Starting from a poorly performing manufacturing sector, a macro-employment crisis particularly affecting urban and rural females (from the latest NSSO numbers), and, a highly stressed public sector banking sector (suffering from low credit growth in food and non-food sectors), it is hard to see this Budget doing much to address any of these points.
Even in claiming to focus on women-led development, a regular budgetary emphasis on Ujjawal Yojana – as important as it may be – seems to be the only idea, according to the government (seeing women as household care providers only).
The biggest missing links from the budget announcements, as consistent with previous years of Modi-led BJP government, are in two areas: higher education and improved healthcare access. The utter lack of priority showcased by the current government in creating an enabling environment for both these areas have been a bane for India’s current social development state. While unemployment rate has peaked for the youth to more than 6% (highest in four decades), increasing institutional and financial access to both, higher education and medical care (with rising out of pocket healthcare costs) are major concerns.

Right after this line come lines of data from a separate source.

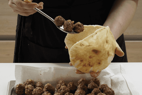 Put several meatballs in the pita.
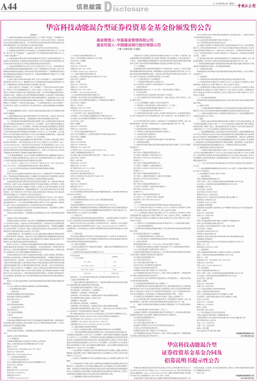 华富科技动能混合型证券投资基金基金合同全文和招募说明书全文于2019年9月24日在本公司网站(http://www.hffund.com)和中国证监会基金电子披露网站(http://eid.csrc.gov.cn/fund)披露,供投资者查阅。如有疑问可拨打本公司客服电话(400-700-8001)咨询。
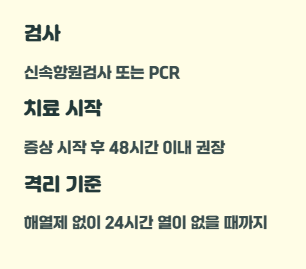 | 검사 | 신속항원검사 또는 PCR(의료기관 판단) | 초기/검체에 따라 음성도 가능해 증상·유행 상황을 같이 봅니다. |
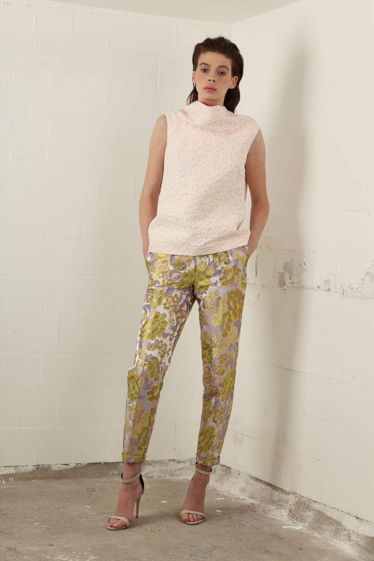 что-то похоже что тенденция не просто брючки, а целые костюмы в цветочек! мне нра! не надо голову ломать - чего с верху одеть!
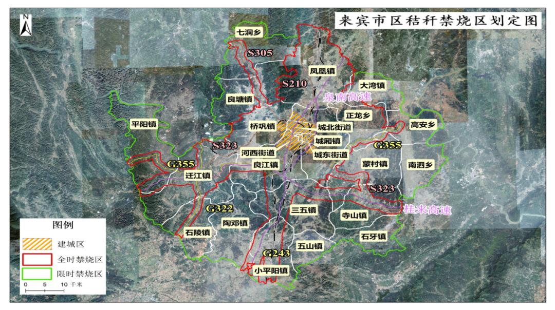 为切实做好市区(含兴宾区所辖乡镇,下同)秸秆露天焚烧禁烧工作,进一步改善市区环境空气质量,坚决打赢蓝天保卫战,根据《中华人民共和国大气污染防治法》《广西壮族自治区大气污染防治条例》等法律法规,结合《广西秸秆禁烧区和限烧区划定技术指导规范》(桂环函〔2020〕1039号)要求,现就划定来宾市区秸秆禁烧区有关规定通告如下:
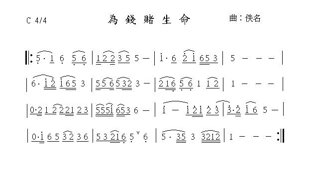 為錢賭生命曲譜
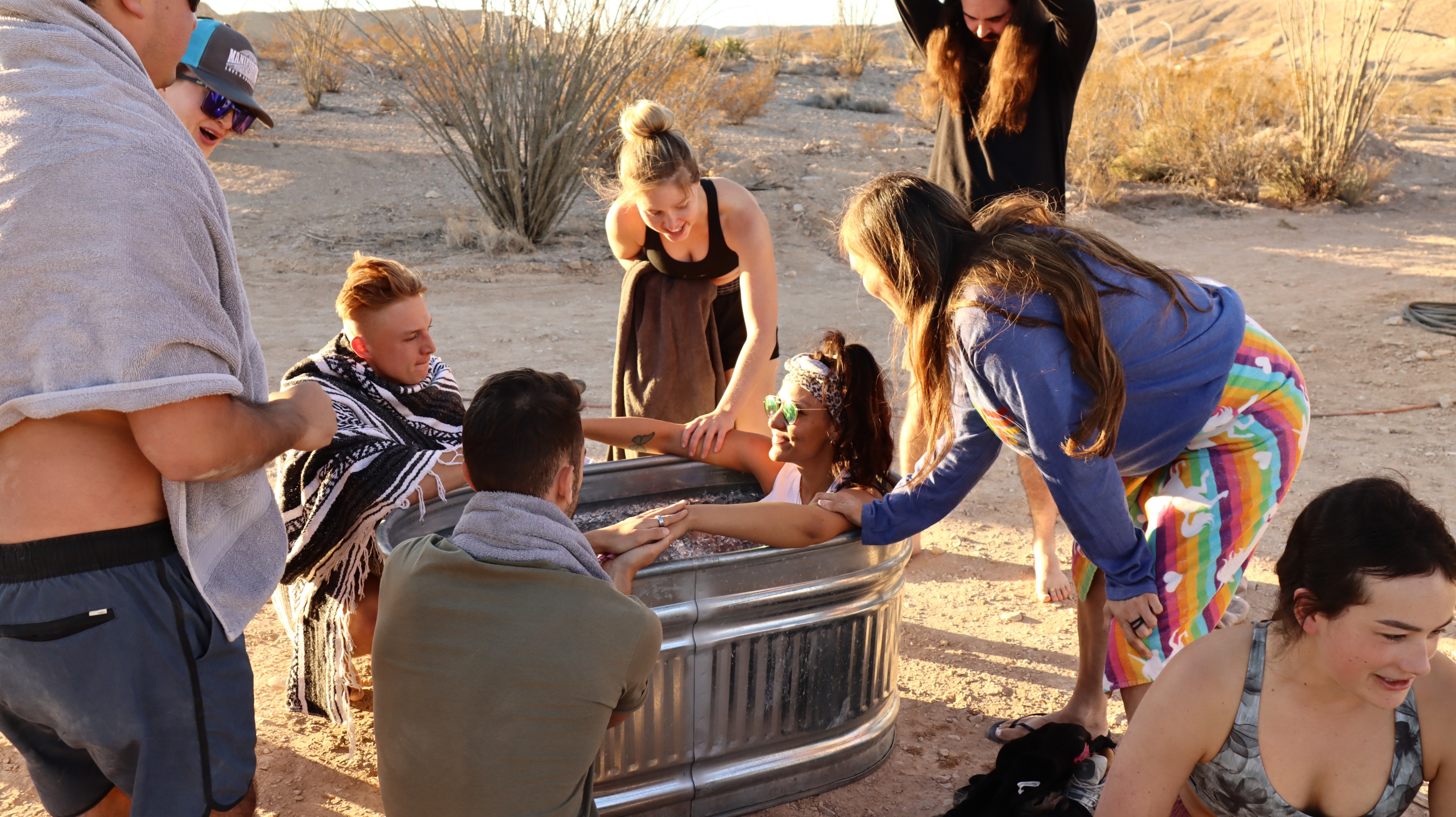Cold Plunges in the healing glacial waters to cleanse, embrace the cold, practice surrender, and lifelong memories of cold plunging with a group of new lifelong friends.
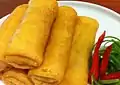 Java | A savoury snack made of slices of banana with melted chocolate or chocolate syrup, wrapped inside thin crepe-like pastry skin and being deep fried. |
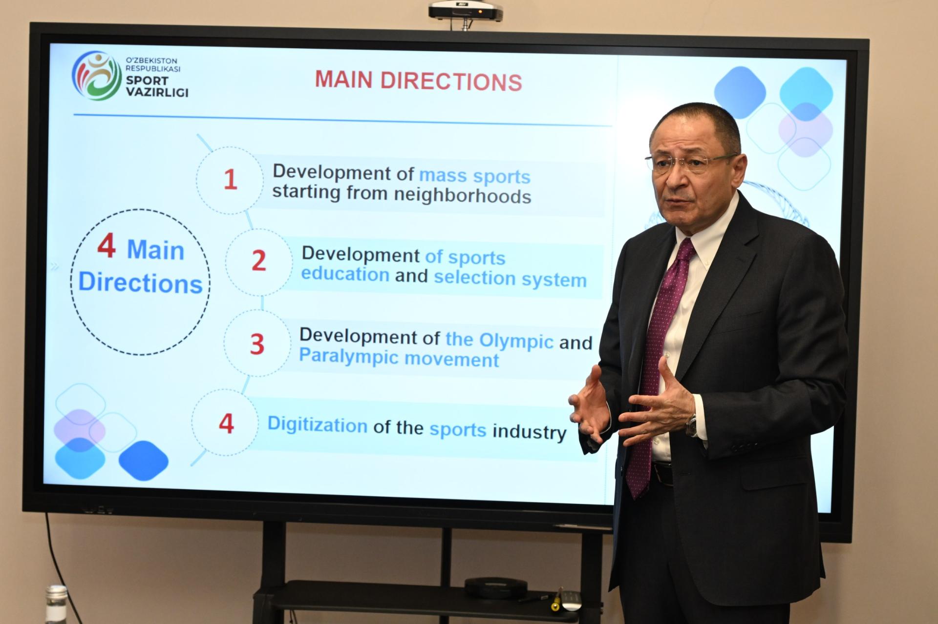 Во время беседы особое внимание было уделено обмену опытом между двумя странами в области спортивной науки, запуску совместных образовательных программ для студентов и специалистов, а также внедрению современных методик подготовки и развитию спортивной медицины. Стороны подчеркнули, что подобное сотрудничество будет способствовать дальнейшему развитию науки и образования в сфере спорта в Узбекистане, а также укреплению международных связей.

Also, with the direct and indirect tax concessions made for lower income groups and small companies along with increased outlays on revenue expenditure side (say, the increase in defense allocations to Rs 3 lakh crore), the overall fiscal landscape (and consolidation path) is likely to stay eroded in years to come. A more exclusive focus on reduction in government debt to GDP ratio (as announced in the Budget speech) to say 40-45% of GDP too needs a much planned, coordinated approach.
India, so far, is one of the rare developing economies with a reasonably balanced government to debt GDP ratio (say, as compared to China’s mounting debt burden) and a fiscal consolidation plan. While I do feel that, in absence of high domestic private investment levels, the government can afford to invest more and relax its fiscal deficit target slightly (say, to 3.5% of GDP), if and only if the GDP continues to grow at a 7.5-8% level in real terms (and 11.5-12% in nominal terms). Still, working on a fiscal consolidation path needs to be any government’s priority, especially in an inflation sensitive large economy like India.
Overall, the budget boutique from the government blends a mixed purpose for its citizens now, and especially in the years ahead. While incentives for lower-middle income groups and vulnerable farmers are welcome in the state of crisis-like situation we are in, on addressing the status-quo in areas such as employment creation (across sectors), ensuring women-led development and prioritizing educational access and healthcare affordability, this Budget fails to strike a chord.
Deepanshu Mohan is assistant professor of economics at Jindal School of International Affairs, O.P. Global Jindal University.